Rate Problems

[singmah1]

1. A, B and C run around a circular track of length 750m at speeds of 3 m/sec, 6 m/sec and 18 m/sec respectively. If all three start from the same point, simultaneously and run in the same direction, when will they meet for the first time after they start the race?



2. Jane gave Karen a 5 m head start in a 100 race and Jane was beaten by 0.25m. In how many meters more would Jane have overtaken Karen?

[mr_sriramesh]

Is the answer 250sec

[Nikoloz]

Q2. After 5.25 meters.
J denotes Jane's speed and K - Karen's. First eqate time of the main distance 99.75/J=95/K
Then eqate time needed for Kane to reach Karen. X denotes the distance asked.
X/J=(X-0.25)/K
now devide one oqasion by the other so J and K cancell out.
X/99.75=(x-0.25)/95
I solve X=5.25

[LMK2727]

[Nikoloz]

Quote:

Originally Posted by singmah1

1. A, B and C run around a circular track of length 750m at speeds of 3 m/sec, 6 m/sec and 18 m/sec respectively. If all three start from the same point, simultaneously and run in the same direction, when will they meet for the first time after they start the race?

lets first figure out when will A and B meet for the firt time.
3*t=6*t-750
t=250
so when A will make its once around the track. Now lets chack maybe C will be there too in 250 seconds. Vuala C will indeed be there!

[LMK2727]

Why does 3t = 6t-750 and not the other way around?

How did we check to see that C was there?!

Thank you.

[Nikoloz]

3t=6t-750 because the distance A will cover is 3t and the distance B will cover will be the same plus one whole circle. so we have to substract the length of the track to end up with exactly the same distances.
C will cover in those 250 seconds 4500 meters, which is 6 lengths of the track.

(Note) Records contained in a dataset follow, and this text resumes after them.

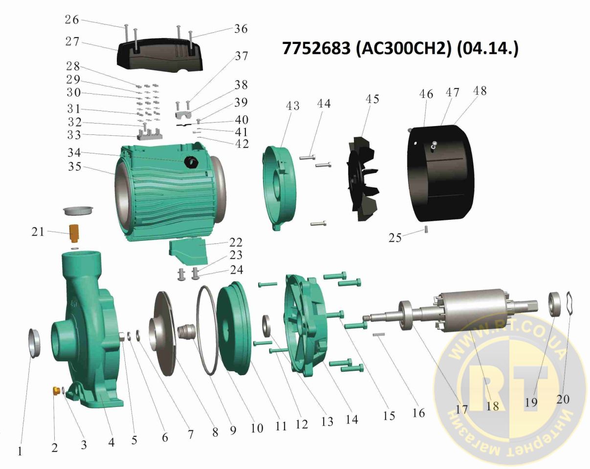 - Рабочее колесо: нержавеющая сталь AISI 304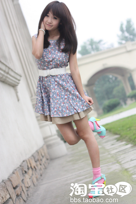 主要是胸前和背后的系绳部分,把腰身显细了,再配上三层的蛋糕裙摆,整体视觉上就在裙摆和腰身的绳子上了。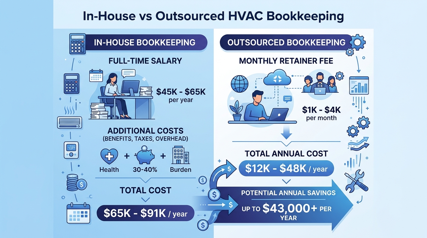 For most HVAC companies between $1M and $5M in revenue, outsourced bookkeeping runs $1,500-$3,000/month — a fraction of the fully loaded cost of a full-time hire. And you’re getting someone who already understands job costing, seasonal cash flow patterns, and technician payroll rules. No training period, no learning curve on HVAC-specific financial management.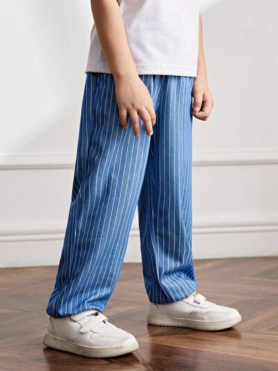 Toddler Boys' 2pcs/set Casual Straight-leg Pants With Exposed Stitching And Waist Button Closure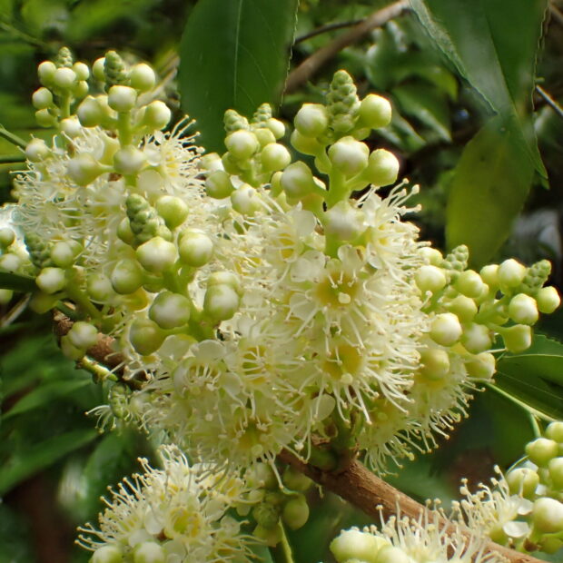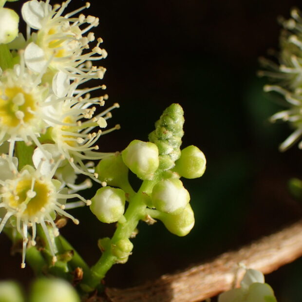 秋、 その年の新しい枝の葉の脇から、 小さな白い花が集まった3cmくらいの花の房をつけます。 長い雄しべが30〜50本もあって、 フサフサして見えます。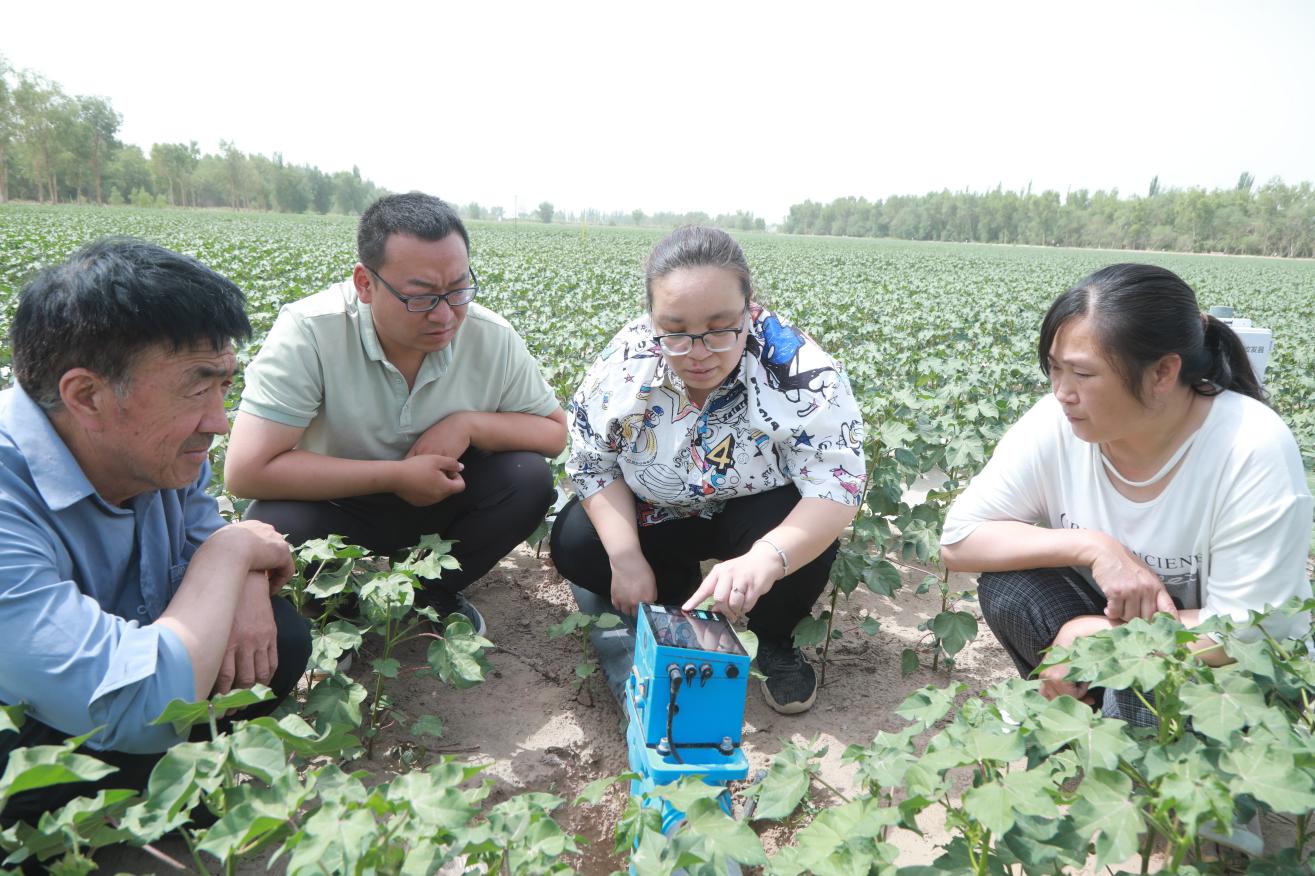 在智慧农业棉田,技术人员给农户讲解电磁阀的操作办法。石继良 摄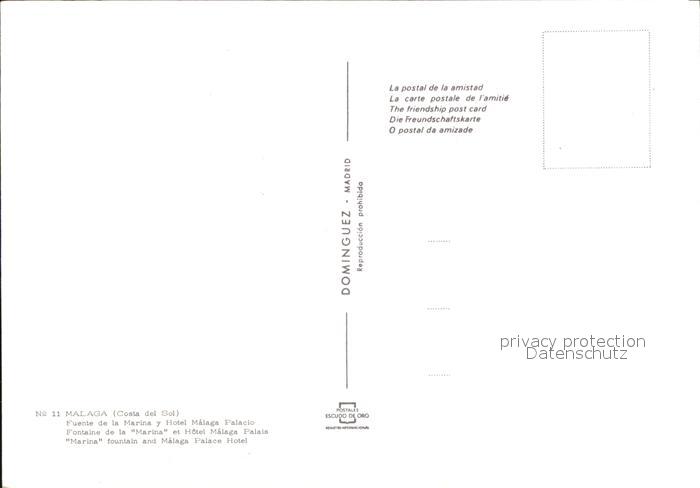 Malaga Andalucia Fuente de la Marina y Hotel Malaga Plalacio postalisch nicht gelaufen Erhaltung siehe scans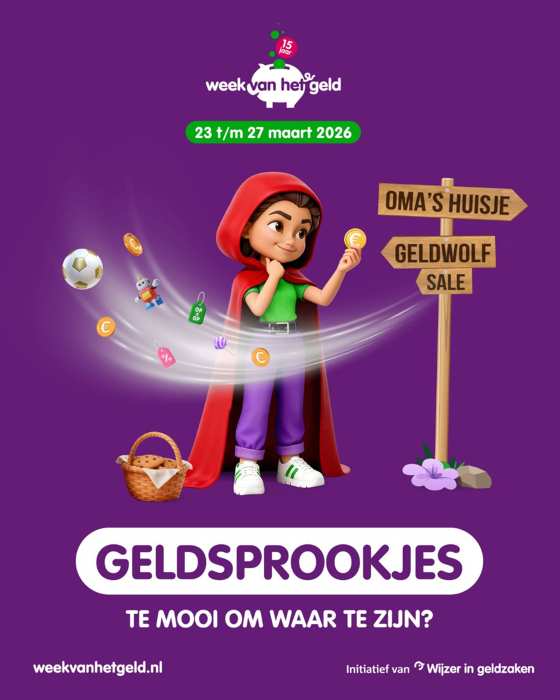 De luxe levens van influencers, reclames met ‘nu-of-nooit’-deals en verhalen over snel geld verdienen – jongeren komen er dagelijks mee in aanraking. Maar niet alles wat blinkt, is goud. Met de (les)materialen uit het themapakket stel je in een handomdraai een financiële les samen die kinderen leert hoe ze door te mooie verhalen over geld heen kunnen prikken. Zo laten zij zich niet langer betoveren door geldsprookjes.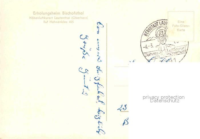 72708547 alte Postkarte Lautenthal Harz Erholungsheim Bischofsthal postalisch gelaufen Erhaltung siehe scans [FriedD77] KatCode: 11110003153007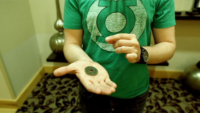 The magician holds a coin on the palm of his hand. Without any visible cover, the coin changes into another coin, or any small object that can it into your hand! This and many more impossible changes are possible with Ryan Bliss' The Bridge Change.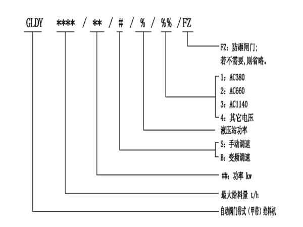 自動(dòng)閥門(mén)帶式(甲帶)給料機(jī)的型號(hào)說(shuō)明: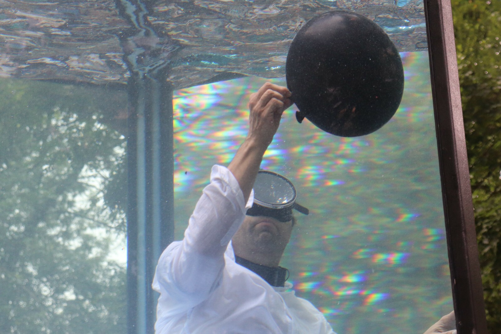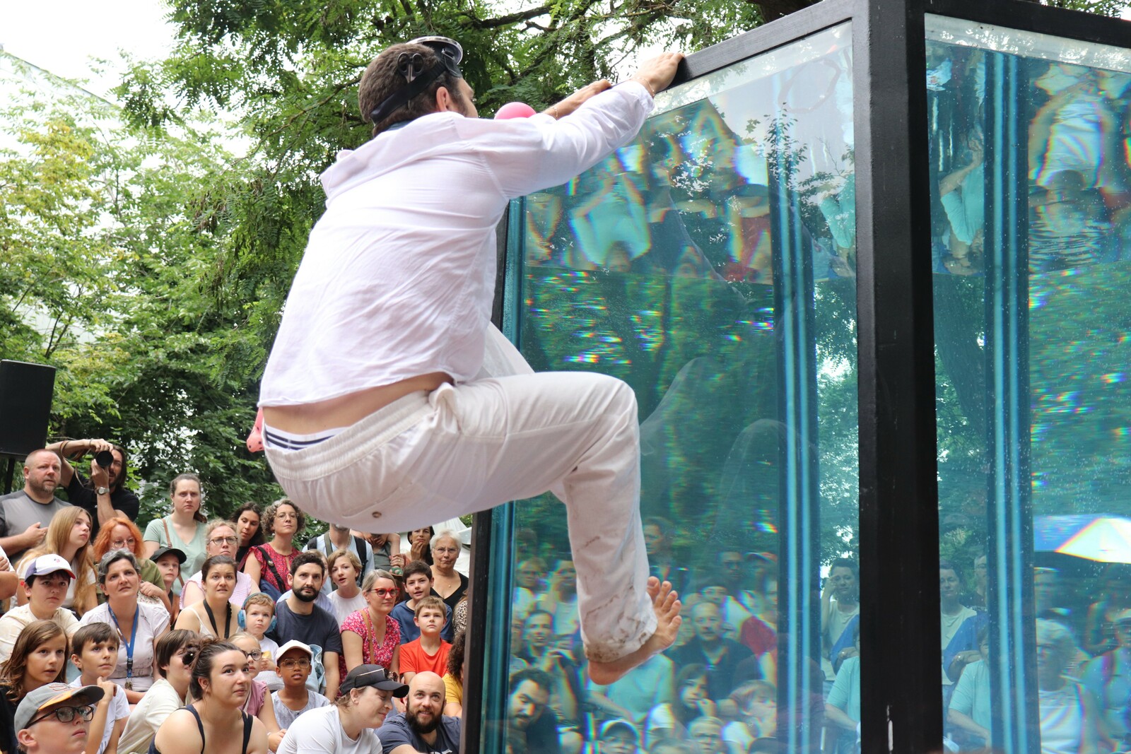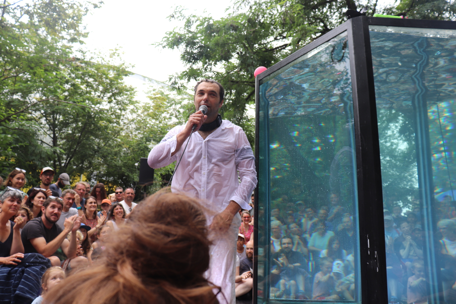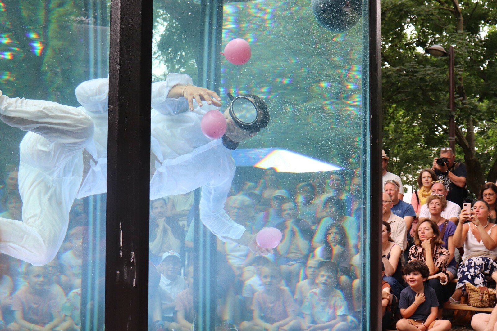 C'est un jongleur dans une piscine qui fabrique plusieurs objets, Il nage et tourne dans son aquarium tout en jonglant. Il y a sept objets qui peuvent couler ou flotter en fonction de leur poids. C'était très drôle, j'ai beaucoup aimé le moment ou il gonflait un ballon en forme de chien avec de l'eau et le moment ou il racontait sa journée à la fin du spectacle.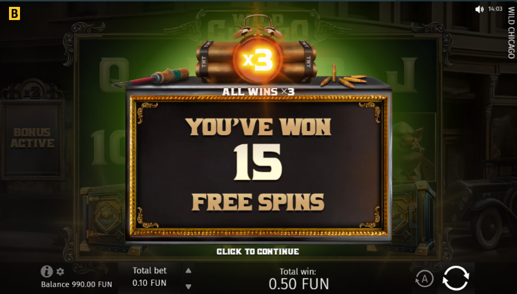 Met 3,4 of 5 kluizen (scatters) op de rollen ga je naar de Free spins bonus van de Wild Chicago casino game. Je kunt de kluis op elke rol tegenkomen. Extra fijn is dat de scatter ook een mooie uitbetaling oplevert van 2 (bij 2 stuks) tot 500 maal de inzet. De maffia dieren verplaatsen zich naar een grote kluis vol waardevolle items en bieden jou 15 gratis spins aan. Het is mogelijk om je saldo van free spins aan te vullen. Dit doe je door tijdens de feature opnieuw 3 of meer scatters te landen. Het triggeren van de free spins bonus van de Wild Chicago gokkast is ab-so-luut de moeite waard om de volgende redenen: jouw free spins winsten worden standaard verdriedubbeld. Wauw!

And indeed C is 6 times faster than A, so in time A makes one revolution, C will make 6 (and B will make two). I guess there is a shortcut to solving this problem in that 3, 6, and 18 are so closely tied to 3 (divisible by)

[balaganesh]

some useful formula...
if the number of men are 2, a,b speeds with a>b

time taken for them to meet first = L/(a-b) [both runs in same direction]
time taken for them to meet first = L/(a+b) [both runs in opposite direction]


time taken for them to meet first at starting point is
LCM of (L/a , L/b) for both same and opposite direction.


If the number of men are 3 ,a,b,c are speeds..a>b>c

Time taken for them to meet first time is
LCM of [L/(a-b),L/(b-c)]

Time taken for them to meet first time at the starting point is
LCM of [L/a,L/b,L/c]

[Lorelai]

If the number of men are 3 ,a,b,c are speeds..a>b>c

Time taken for them to meet first time is
LCM of [L/(a-b),L/(a-c)]

They will be together for the first time after the start at a time equal to the LCM of the time taken by the fastest to gain a complete round of each of the other two.

[balaganesh]

Hi Lorelai,

i think both LCM of [L/(a-b),L/(b-c)] and LCM of [L/(a-b),L/(a-c)] are same..

so both are correct formulas for calculation..
if wrong please correct..